Assuming you already have some MPI code, the first step in using it is to compile it. MPI implementations include a set of wrapper scripts that handle all of the compiler and linker options for you. They are called mpicc, mpiCC, mpif77 and mpif90, for C, C++, FORTRAN 77 and FORTRAN 90, respectively. You can add extra options for your compiler as options to the wrapper scripts. One very useful option is -showme. This option simply prints out the full command line that would be used to invoke your compiler. This is useful if you have multiple compilers and/or libraries on your system, and you need to verify that the wrapper is doing the right thing.
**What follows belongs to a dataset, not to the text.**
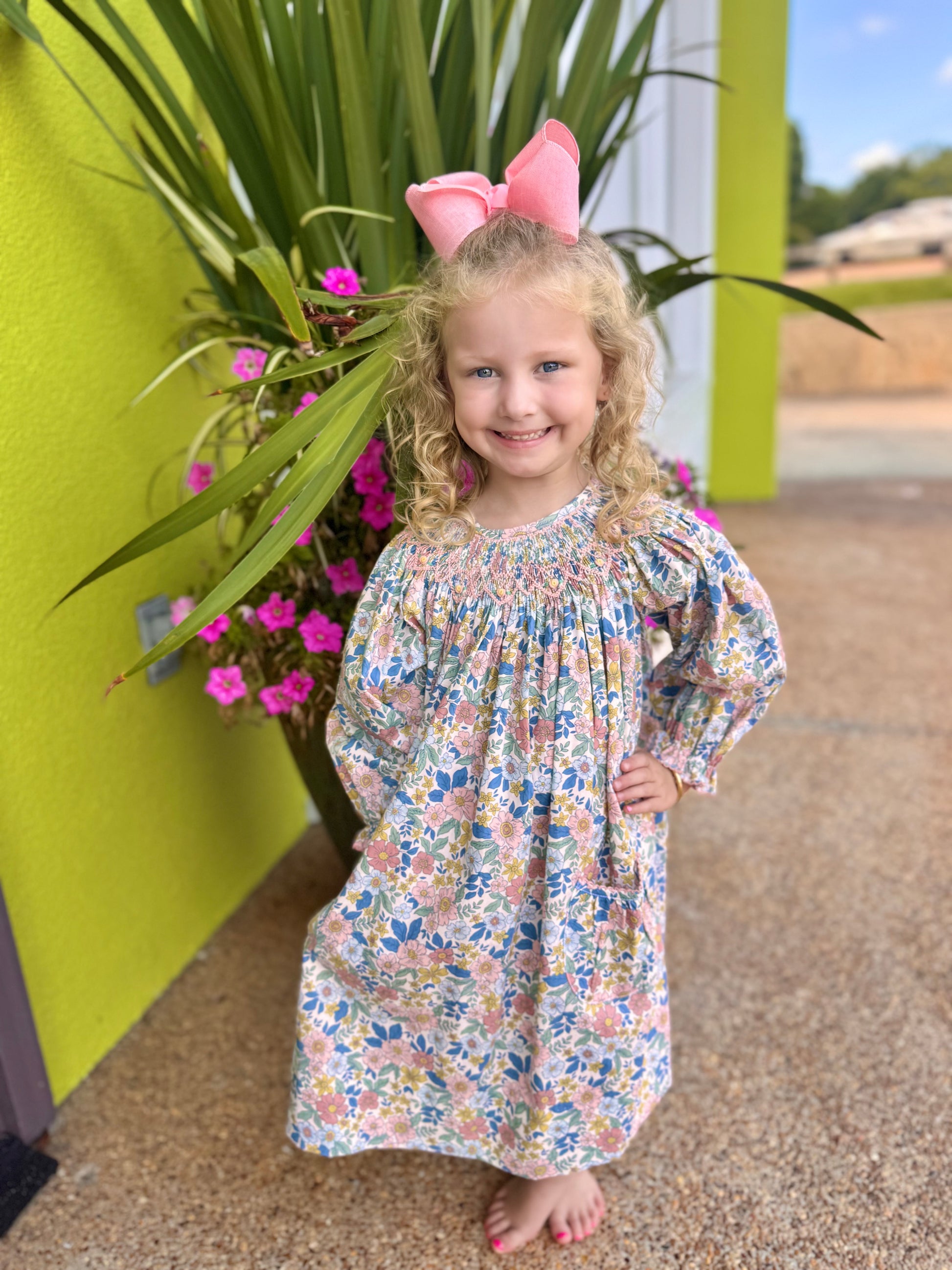 Delaney Girls Floral Smocked LS Dress

Once your code is compiled, you need to run it. You don't actually run your program directly. A support program called mpirun takes care of setting up the system and running your code. You need to tell mpirun how many processors you want to run and where they are located. If you are running on one machine, you can hand in the number of processors with the option -np X. If you are running over several machines, you can hand in a list of hostnames either on the command line or in a text file. If this list of hostnames has repeats, mpirun assumes you want to start one process for each repeat.

Now that you know how to compile and run your code, how do you actually write an MPI program? The first step needs to initialize the MPI subsystem. There is a function to do this, which in C is this:

int MPI_Init(&argc, &argv); 

Until you call this function, your program is running a single thread of execution. Also, you can't call any other MPI functions before this, except for MPI_Initialized. Once you run MPI_Init, MPI starts up all of the parallel processes and sets up the communication network. After this initialization work is finished, you are running in parallel, with each process running a copy of your code.
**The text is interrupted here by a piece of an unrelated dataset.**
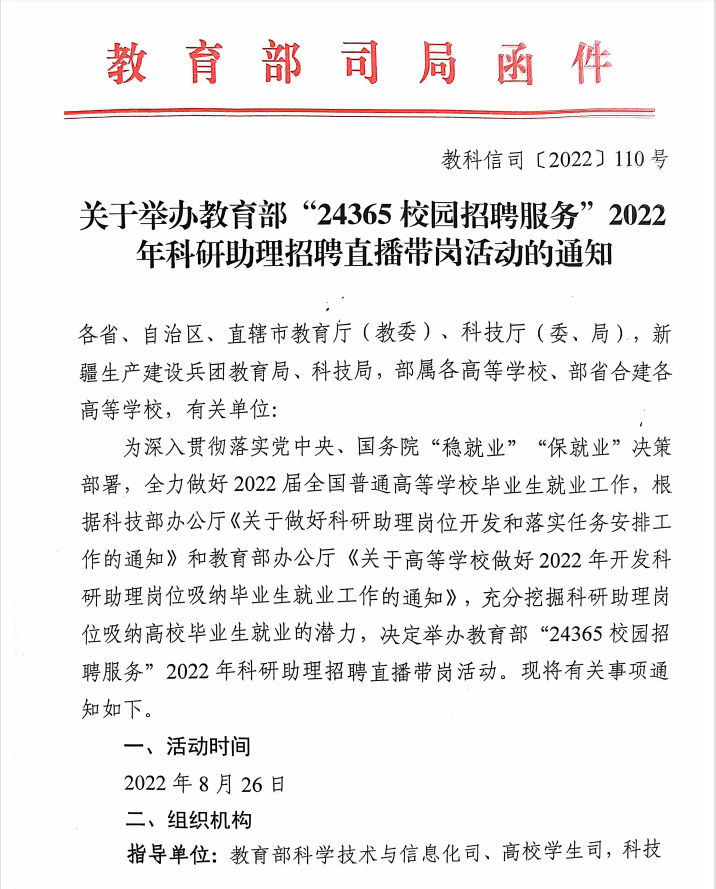 关于举办教育部“24365校园招聘服务”2022年科研助理招聘直播带岗活动的通知

When you've finished all of your work, you need to shut down all of this infrastructure cleanly. The function that does this is:

int MPI_Finalize();

Once this finishes, you are back to running a single thread of execution. After calling this function, the only MPI functions that you can call are MPI_Get_version, MPI_Initialized and MPI_Finalized.

Remember that once your code goes parallel, each processor is running a copy of your code. If so, how does each copy know what it should be doing? In order to have each process do something unique, you need some way to identify different processes. This can be done with the function:

int MPI_Comm_rank(MPI_Comm comm, int *rank);

This function will give a unique identifier, called the rank, of the process calling it. Ranks are simply integers, starting from 0 to N–1, where N is the number of parallel processes.
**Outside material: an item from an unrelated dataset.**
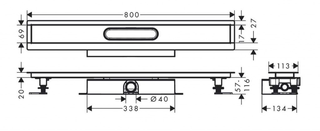 Kompletná sada lineárneho sprchového žľabu uBox universal 800, pre plochú inštaláciu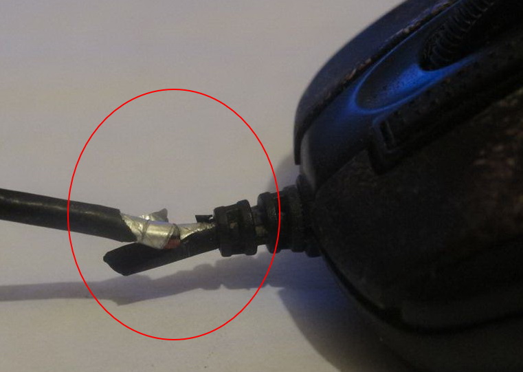 - Як показує практика, найбільш найчастіше дротові мишки виходять з ладу в результаті пошкодження з’єднувального шнура. Схильні до різних проявів несприятливих моментів експлуатації, будь то деформація шнура у вигляді перегину або фізичне пошкодження захисної оболонки кабелю, слід прийняти такого роду незручності як даність недосконалості реалізованої технології. В таких випадках простіше купити новий маніпулятор, ніж відновлювати непрацездатний девайс управління. Однак озброївшись мультиметром завжди можна виявити контактний обрив, а далі, замінити провід на пошкодженій ділянці.

You also may need to know how many processes are running. To get this, you would need to call the function:

int MPI_Comm_size(MPI_Comm comm, int *size);

Now, you've initialized the MPI subsystem and found out who you are and how many processes are running. The next thing you likely will need to do is to send and receive messages. The most basic method for sending a message is:

int MPI_Send(void *buf, int count, MPI_Datatype type, 
 ↪int dest, int tag, MPI_Comm comm);

In this case, you need a buffer (buf) containing count elements of type type. The parameter dest is the rank of the process that you are sending the message to. You also can label a message with the parameter tag. Your code can decide to do something different based on the tag value you set. The last parameter is the communicator, which I'll look at a little later. On the receiving end, you would need to call:

int MPI_Recv(void *buf, int count, MPI_Datatype type, 
 ↪int source, int tag, MPI_Comm comm, MPI_Status *status);

When you are receiving a message, you may not necessarily care who sent it or what the tag value is. In those cases, you can set these parameters to the special values MPI_ANY_SOURCE and MPI_ANY_TAG. You then can check what the actual values were after the fact by looking at the status struct. The status contains the values:


Both of these functions are blocking. This means that when you send a message, you end up being blocked until the message has finished being sent. Alternatively, if you try to receive a message, you will block until the message has been received completely. Because these calls block until they complete, it is very easy to cause deadlocks where, for example, two processes are both waiting for a message to arrive before any messages get sent. They end up waiting forever. So if you have problems with your code, these calls usually are the first places to look.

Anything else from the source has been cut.